A domestic robot formed to perform household tasks in a factory may not effectively rub the sink or eliminate garbage when deployed in a user's kitchen, because this new environment differs from its training space.
To avoid this, engineers often try to match the simulated training environment as closely as possible with the real world where the agent will be deployed.
However, MIT researchers have now found that, despite this conventional wisdom, the training sometimes in a completely different environment gives a better efficient artificial intelligence agent.
Their results indicate that, in certain situations, the formation of an AI agent simulated in a world with less uncertainty, or “noise”, allowed him to perform better than a competitor agent formed in the same noisy world they used to test the two agents.
Researchers call for this unexpected phenomenon the indoor formation effect.
“If we learn to play tennis in an inner environment where there is no noise, we may be able to master different plans more easily. Then, if we go to a noisier environment, like a windy tennis court, we may have a higher probability of playing tennis well than if we are starting to learn in the windy environment, “explains Serena Bono, a research assistant in the MIT media laboratory and the main author of an article on the Audor training effect.
The interior training effect: unexpected gains of distribution changes in the transition function
Video: Mit Center for Brains, Minds and Machines
The researchers studied this phenomenon by forming AI agents to play atari games, which they modified by adding a certain unpredictability. They were surprised to note that the indoor training effect occurred through Atari games and variations in play.
They hope that these results will fuel additional research to develop better training methods for AI agents.
“This is an entirely new axis to think. Rather than trying to match training and testing environments, we can be able to build simulated environments where an AI agent learns even better, “adds co-author Spandan Madan, a student graduated at Harvard University.
Bono and Madan are joined on the newspaper by Ishaan Grover, a student graduated from MIT; Mao Yasueda, a graduate student at the University of Yale; Cynthia Breazeal, professor of arts and media sciences and leader of the personal robotics group in MIT Media Lab; Hanspeter Pfister, Professor An Wang of Computer Science at Harvard; And Gabriel Kreiman, professor at the Harvard Medical School. Research will be presented to the association for the Advancement of Artificial Intelligence Conference.
Training disorders
Researchers have decided to explore why strengthening learning agents tend to have such dismal performance when they are tested in environments that differ from their training space.

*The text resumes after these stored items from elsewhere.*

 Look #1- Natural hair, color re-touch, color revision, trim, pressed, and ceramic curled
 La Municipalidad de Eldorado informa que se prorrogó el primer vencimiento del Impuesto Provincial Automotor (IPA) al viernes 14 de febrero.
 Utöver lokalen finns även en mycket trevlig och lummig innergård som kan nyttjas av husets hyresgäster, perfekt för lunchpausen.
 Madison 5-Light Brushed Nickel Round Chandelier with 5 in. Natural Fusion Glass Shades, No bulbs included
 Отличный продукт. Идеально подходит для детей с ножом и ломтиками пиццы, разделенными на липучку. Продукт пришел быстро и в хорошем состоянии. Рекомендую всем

Learning strengthening is a test and error method in which the agent explores a training space and learns to take measures that maximize his reward.

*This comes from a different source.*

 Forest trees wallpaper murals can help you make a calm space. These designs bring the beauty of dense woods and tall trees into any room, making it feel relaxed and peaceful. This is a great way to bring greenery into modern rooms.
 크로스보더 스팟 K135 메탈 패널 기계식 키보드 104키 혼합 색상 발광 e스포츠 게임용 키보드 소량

The team has developed a technique to explicitly add a certain amount of noise to an element of the strengthening learning problem called the transition function. The transition function defines the probability that a agent goes from one state to another, depending on the action it chooses.

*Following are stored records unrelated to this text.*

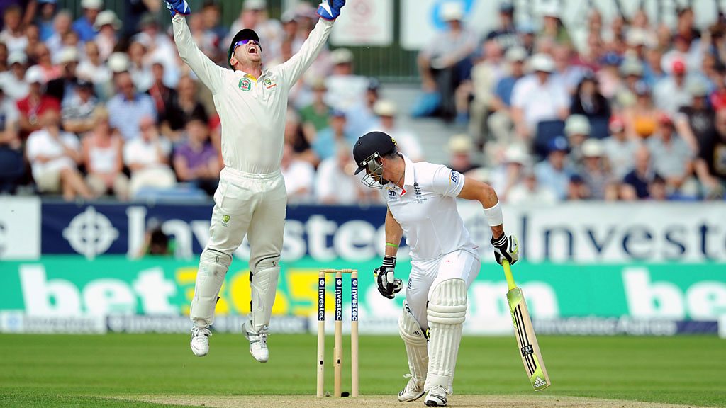 England's Kevin Pietersen is caught behind off the bowling of Nathan Lyon.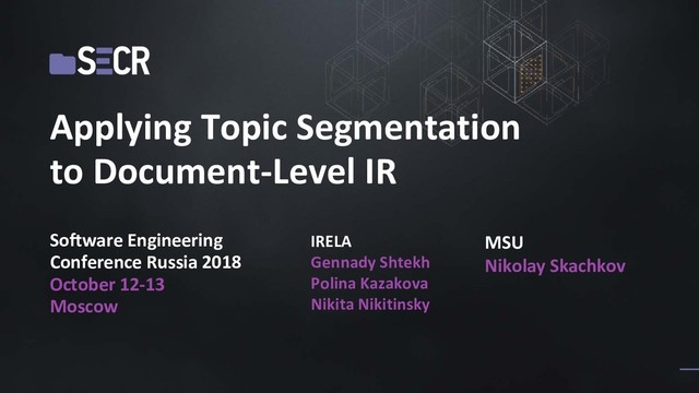 Наша работа посвящена применению текстовой сегментации в сфере информационного поиска. Мы исходим из предположения, что тематическая сегментация позволяет лучше моделировать структуру текста и, как следствие, язык сам по себе, что влияет на качество представления текста в векторном виде. Мы протестировали нашу гипотезу на датасете статей из arXiv и показали, что сегментация действительно в большинстве случаев улучшает качество поиска.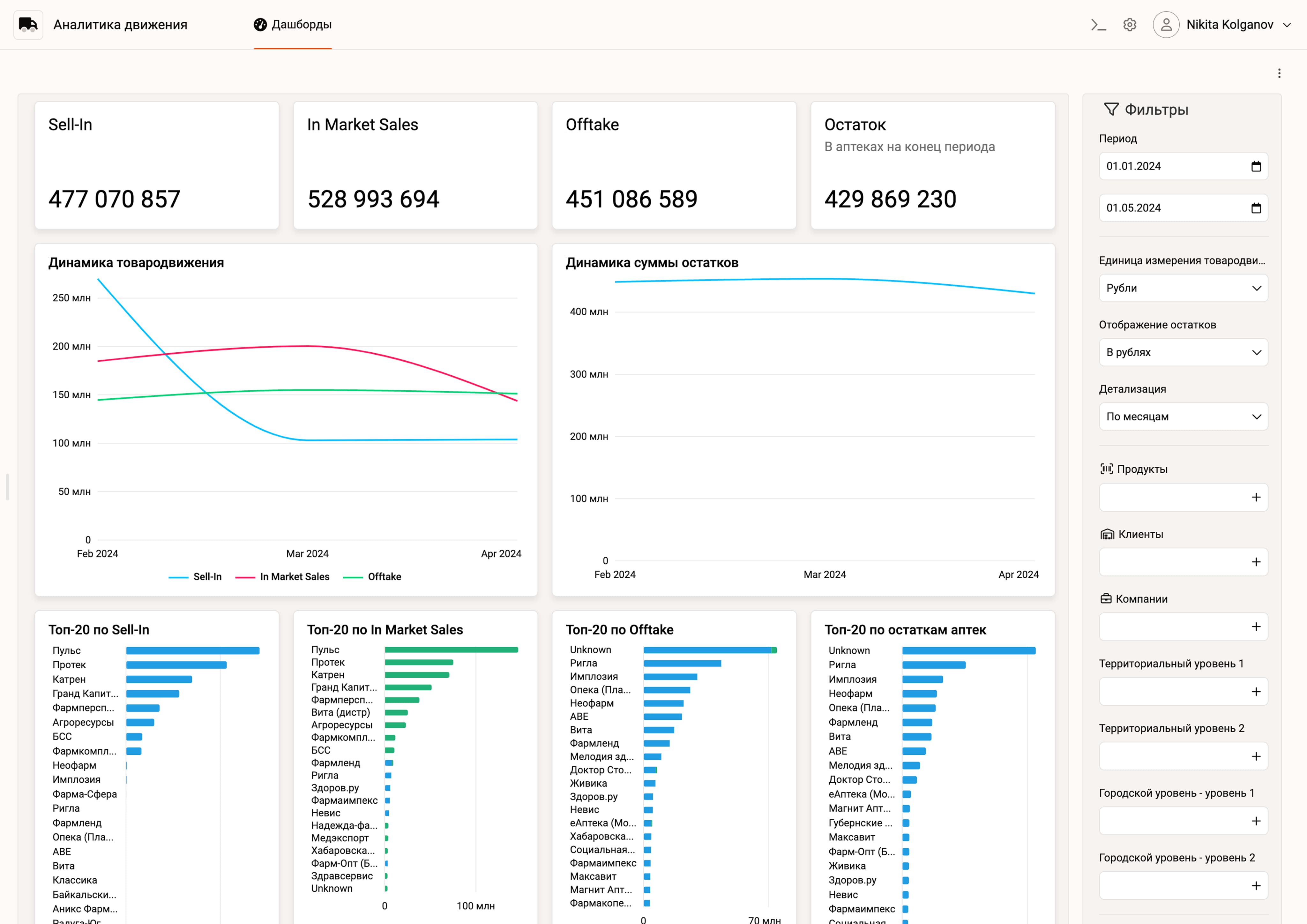 Строим модель движения товара по данным МДЛП. Вы видите, сколько товара пришло в рынок, сколько дошло до торговых точек и сколько было продано в рознице.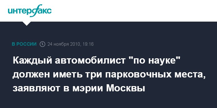 Каждый автомобилист "по науке" должен иметь три парковочных места, заявляют в мэрии Москвы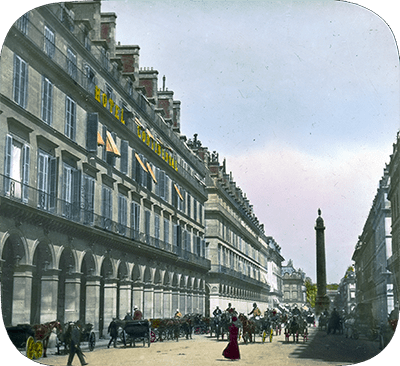 Opposite the Hôtel Continental on the left, a view in 1900 up the Rue de Castiglione looking towards the Place Vendôme. Wikimedia Commons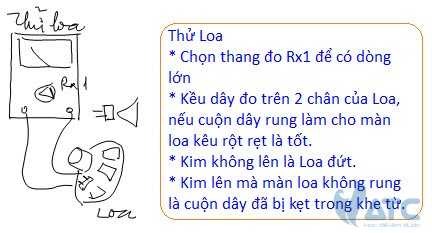 Cấu tạo của Loa gồm có một cuộn dây, quen gọi là cuộn coil, gắn dính trên màn Loa và người ta cho đặt cuộn dây nằm trong khe của một nam châm, do vậy khi Bạn cấp dòng điện cho cuộn dây nó sẽ có từ tính và tương tác với nam châm vĩnh cửu tạo ra lực hút hay lực đẩy. Khi thử Loa Bạn dùng Ohm kế lấy thang đo Rx1 để có dòng điện chảy trên dây đo lớn, cho dòng điện này kích thích cuộn dây, nó sẽ làm rung màn Loa và phát ra tiếng kêu rột rẹt là Loa tốt. Kim không lên là cuộn dây hay dây nối đã bị đứt, kim lên mà màn không rung là cuộn dây đã bị kẹt trong khe, đo Ohm cuộn dây và thành vỏ của Loa, kim lên là cuộn dây bị tróc lớp cách điện và đã chạm vào thành Loa.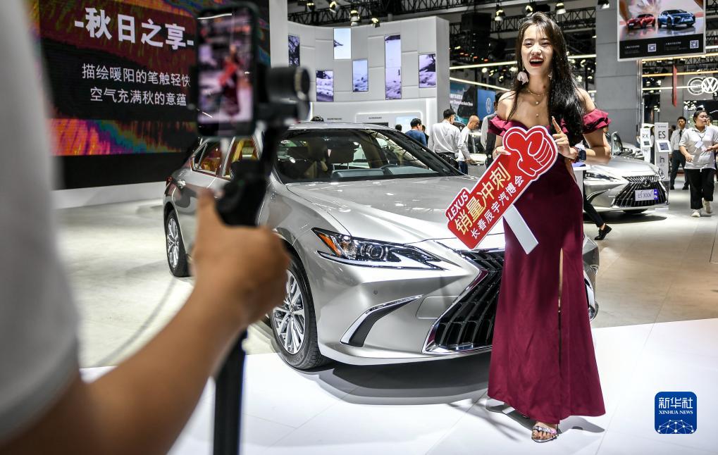 7月15日,一名工作人員在長春汽博會現場錄製短視頻。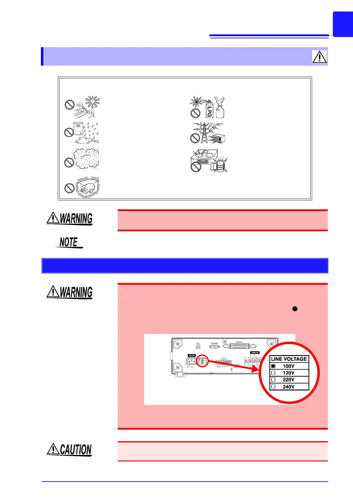 • Before turning on the instrument, confirm that the voltage of the power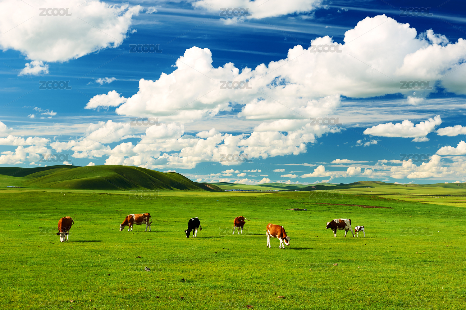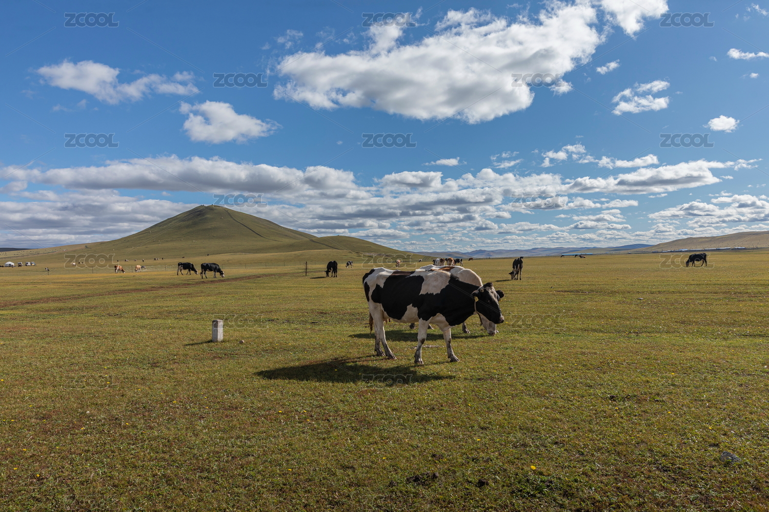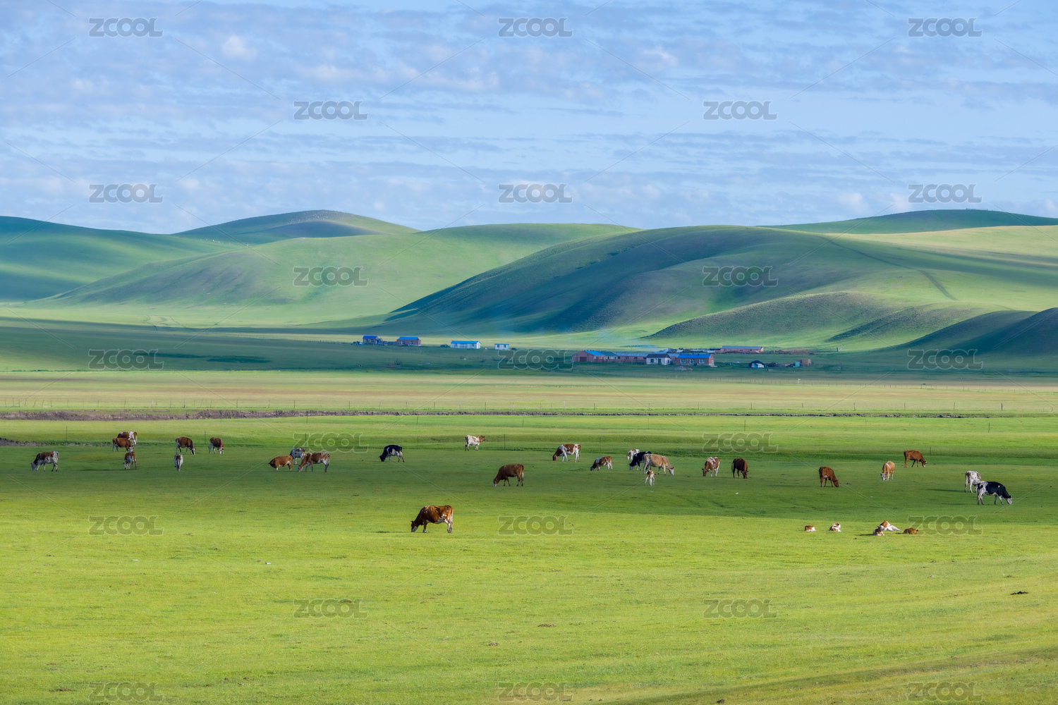 中國(guó)內(nèi)蒙古夏季呼倫貝爾大草原牛群

If the agent plays PAC-Man, a transition function could define the probability that the ghosts on the game board move up, the bottom, the left or the right. In learning standard strengthening, AI would be formed and tested using the same transition function.
The researchers added noise to the transition function with this conventional approach and, as expected, this has harmed the PAC-Man performance of the agent.
But when the researchers trained the agent with a noise-free Pac-Man game, then tested him in an environment where they injected noise into the transition function, he worked better than a ratings agent.
“The basic rule is that you should try to capture the transition function of the deployment condition as well as you can during the training to get the most out of it for your money. We really tested this idea to death because we could not believe it ourselves,” said Madan.
The injection of different quantities of noise in the transition function allows researchers to test many environments, but that has not created realistic games. The more noise in PAC-Man, the more the ghosts are likely to teleport to random on different squares.
To see if the indoor training effect occurred in the normal PAC-Man games, they adjusted the underlying probabilities so that the ghosts are moving normally but were more likely to go up and down, rather than on the left and on the right. AI agents formed in noise -free environments have worked even better in these realistic games.
“It was not only due to the way we added noise to create ad hoc environments. This seems to be a property of the problem of learning to strengthen. And it was even more surprising to see, ”explains Bono.
Exploration explanations
When the researchers dug more deeply in search of an explanation, they saw some correlations in the way in which the agents of the AI explore the training space.
When the two AI agents explore the same areas mainly, the agent trained in the non-numeal environment works better, perhaps because it is easier for the agent to learn the rules of the game without the interference of noise.
If their exploration models are different, the agent trained in the noisy environment tends to work better. This can happen because the agent must understand the models he cannot learn in the noise -free environment.
“If I only learn to play tennis with my forehand in the non -noise environment, but in the noisy, I also have to play with my setback, I will not play as well in the non -noise environment,” explains Bono.
In the future, researchers hope to explore how indoor training effect could occur in more complex strengthening learning environments, or with other techniques such as computer vision and natural language processing. They also wish to build training environments designed to take advantage of the interior training effect, which could help AI agents to perform better in uncertain environments.